Lawmakers have passed the bill with the aim of deterring abductors, but, with at least 83 victims still being held hostage, several have called on government to implement the law on a national basis.
The Lagos State House of Assembly has passed a law in which those accused of kidnapping, could face the death penalty if convicted. On January 5th, State lawmakers approved the bill, saying it would be a practical deterrence for anyone wanting to commit the crime.
The new law differentiates on the penalty based on the wellbeing of the victim.
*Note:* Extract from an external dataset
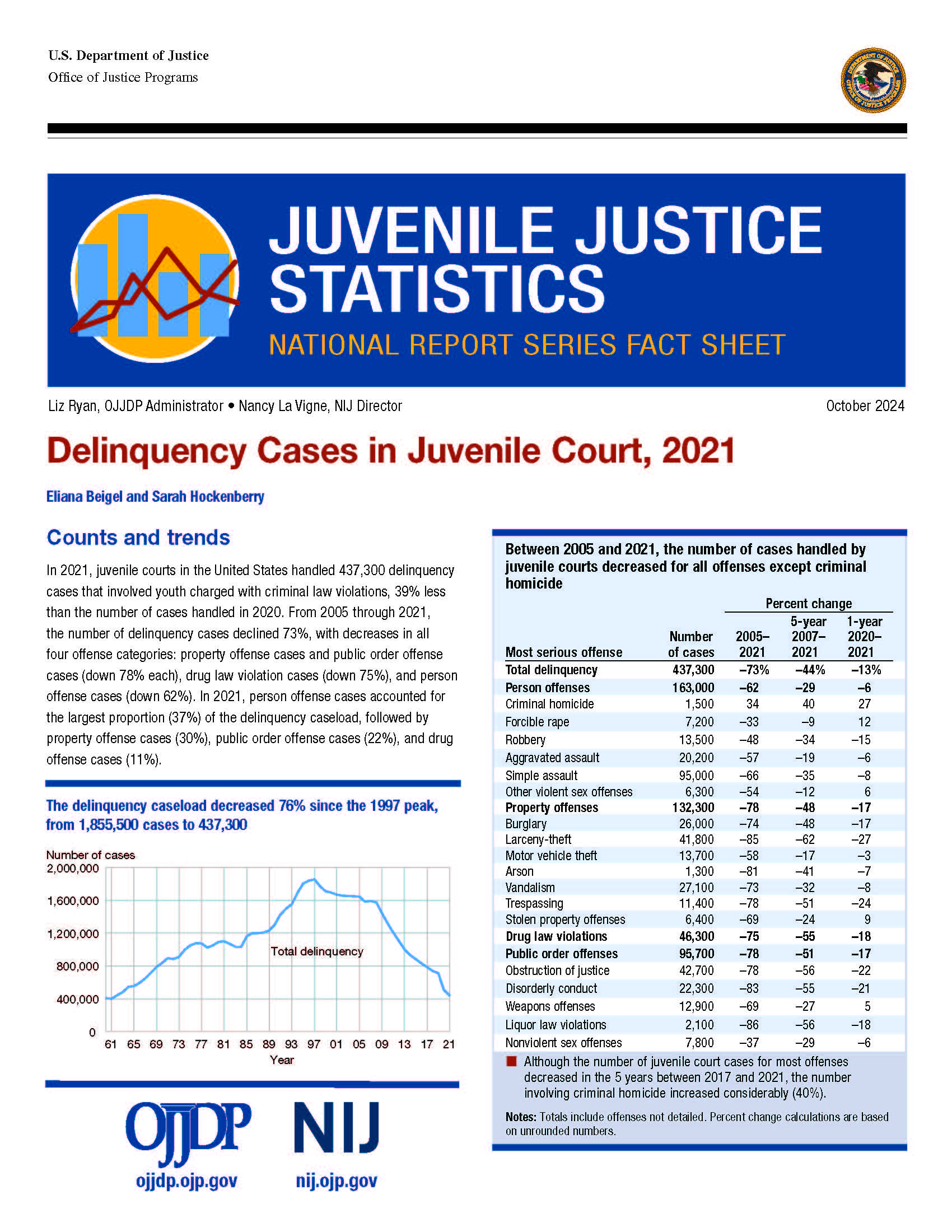 In 2021, juvenile courts in the United States handled 437,300 delinquency cases that involved youth charged with criminal law violations, 13% less than the number of cases handled in 2020. From 2005 through 2021, the number of delinquency cases declined 73%, with decreases in all four offense categories: property offense cases and public order offense cases (down 78% each), drug law violation cases (down 75%), and person offense cases (down 62%). In 2021, person offense cases accounted for the largest proportion (37%) of the delinquency caseload, followed by property offense cases (30%), public order offense cases (22%), and drug offense cases (11%).

It stipulates that the accused could face a death sentence if the victim died at the hands of the abductor, but that a life sentence could be prescribed for those abductors whose victim survived the incident.
The law also sets down a 25-year imprisonment term for those found guilty of threatening to kidnap another person though any means of communication, including phone calls, electronic messages or verbal threats.
The long overdue law, however, is limited to State implementation, leaving potential victims open for attack in States where the bill has not been adopted. Calls have since been made for Nigeria’s government to act in the interests of the entire federation and society and force States to include it in their criminal codes.
The county’s grisly past in which fundamentalists kidnap girls as young as six-years-old to send a message to the government, has resulted in an ongoing international outcry. In April 2014, members of Boko Haram – a militarised faction – kidnapped nearly 300 female students from their school in the rural area of Chibok. Last year, 21 of the girls were released, but at least 83 others remain victims at the hands of their abductors.
The plight of the girls resulted in the #BringBackOurGirls campaign which received worldwide attention from social heavy weights, including, former US First Lady Michelle Obama.